Капитан коротко кивает. Смотрит на светлые каменные плиты двора. Герцог прав. Какими бы ни были причины, а у Альфонсо Бисельи, судя по всему, были очень серьезные причины, терпеть такое нельзя. Засада на дороге или где-нибудь на виньо за городом, арбалетная стрела с крыши, да пусть даже и яд — но яд, который попадет в пищу только к одному человеку — это все терпимо. Отбить удар, выждать время, поймать, прижать к стене, выслушать резоны — а там поступить в соответствии с услышанным. Может быть даже отпустить, предварительно накрепко объяснив, почему так не следует поступать с родней. Но попытка, которая бьет по кому попало — и в том числе по Его Святейшеству? Хватит с нас пожаров на артиллерийском складе. Высокая молодая женщина с волосами цвета меда спускается во двор, приветливо улыбается, подходит близко. Кладет руки на плечи обоим мужчинам.
— Чезаре, Микелетто… наконец-то к вам можно подойти, а то раньше было страшновато. Все это такой ужас, правда? — вздыхает Лукреция. — Щенка жалко…
— Да, — соглашается герцог. — Он ни с кем не ссорился и ничего не брал в аренду, он просто был хром. Что ж, теперь отцу придется проверять еду заранее. Ему все равно следует это делать… по крайней мере еще лет пять.
— Альфонсо так рассердился, что едва второго не убил… А я хотела сразу за тобой послать, — Лукреция берет брата под руку, — но мост подняли и пажей не пропускали.
— Не убил? Как это?
— Да представь… очень на тебя был похож. «Он воспользовался моим словом». К счастью, он успокаивается быстрее, чем ты, — смеется Лукреция.

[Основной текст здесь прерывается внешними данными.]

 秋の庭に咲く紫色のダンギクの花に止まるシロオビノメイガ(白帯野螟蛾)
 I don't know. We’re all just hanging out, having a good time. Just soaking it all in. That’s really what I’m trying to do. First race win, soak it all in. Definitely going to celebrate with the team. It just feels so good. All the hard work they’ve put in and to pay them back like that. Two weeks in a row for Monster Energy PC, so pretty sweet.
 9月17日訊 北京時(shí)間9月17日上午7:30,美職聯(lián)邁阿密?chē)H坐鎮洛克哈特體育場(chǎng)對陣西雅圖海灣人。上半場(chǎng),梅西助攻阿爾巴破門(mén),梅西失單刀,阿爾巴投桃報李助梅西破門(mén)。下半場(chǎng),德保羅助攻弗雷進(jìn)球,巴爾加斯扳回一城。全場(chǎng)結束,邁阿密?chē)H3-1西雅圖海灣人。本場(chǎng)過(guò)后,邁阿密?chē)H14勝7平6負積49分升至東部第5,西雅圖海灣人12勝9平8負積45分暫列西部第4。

— Ты можешь укрощать и голодных хищников, не то что Альфонсо или меня, потому что ты прекрасна и добродетельна. Сестра Его Светлости герцога Беневентского заливисто хохочет на весь двор:
— Братец, никогда не говори женщине, что она добродетельна. Это не комплимент даже для монахини!

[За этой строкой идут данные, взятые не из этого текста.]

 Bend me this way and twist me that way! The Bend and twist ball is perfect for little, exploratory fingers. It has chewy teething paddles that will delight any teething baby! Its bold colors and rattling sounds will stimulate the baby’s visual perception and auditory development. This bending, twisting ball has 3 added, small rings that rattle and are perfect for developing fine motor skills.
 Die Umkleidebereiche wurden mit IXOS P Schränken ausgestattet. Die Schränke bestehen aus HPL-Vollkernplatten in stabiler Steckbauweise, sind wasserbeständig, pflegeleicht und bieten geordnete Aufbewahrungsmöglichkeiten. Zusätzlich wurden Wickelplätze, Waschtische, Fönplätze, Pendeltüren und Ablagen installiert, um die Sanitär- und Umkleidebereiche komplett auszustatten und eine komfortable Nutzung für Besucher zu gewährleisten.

— Но ты воистину добродетельна, — отбивает выпад герцог, — потому что делаешь добро. Это подтвердит всякий. И это можно сказать не о каждой монахине.
За спиной — цоканье, впереди — цоканье, прошли те времена, когда Альфонсо Бисельи мог отправиться в гости к другу один. И давно прошли те времена, когда записка, приглашающая приехать в любое время после заката, если выдастся свободный часок, не значила ничего, кроме желания увидеться — или показать нечто особенно интересное. Прошли. Остались в прошлом. Далеко, на дне. Как обломки корабля. Как ракушки в известняке… необратимо. Альфонсо Бисельи видит время как море. Или как камень. Синьор Петруччи — совсем иначе. То, что для других «Господи, помилуй», для него — одна двадцатая часа. Три минуты. Минуты делятся на секунды. Шестьдесят на шестьдесят. Все отрезки одинаковы. Где-то там, наверху, качается небесный маятник, отмеряя единое делимое время. И прошлое отлично от настоящего только тем, что уже произошло — и не может быть изменено людьми. Оно не тянет вниз, холодной водой. Не лежит камнем. Оно порождает события, но не меняет тебя самого… разве что ты заметишь что-то и захочешь измениться. Альфонсо часто завидует своему старшему другу. Синьор Петруччи живет тесно и скромно, и свите придется дожидаться господина в узком внутреннем дворе, но пара кувшинов вина скрасит досадное неудобство, а погода стоит замечательная: дневная жара сменилась прохладой, по небу вокруг луны кто-то рассыпал пару мешков крупной каменной соли, ночные птицы, почуяв свежесть, запели втрое громче привычного, даром, что город вокруг. Гость поднимается наверх. Его ждут. Поднимается медленно, нехотя, как приговоренный преступник к колоде, в которую палач уже воткнул топор. Он знает, что гостеприимством его не обделят, но слишком тяжкий груз приходится тащить вверх по ступеням.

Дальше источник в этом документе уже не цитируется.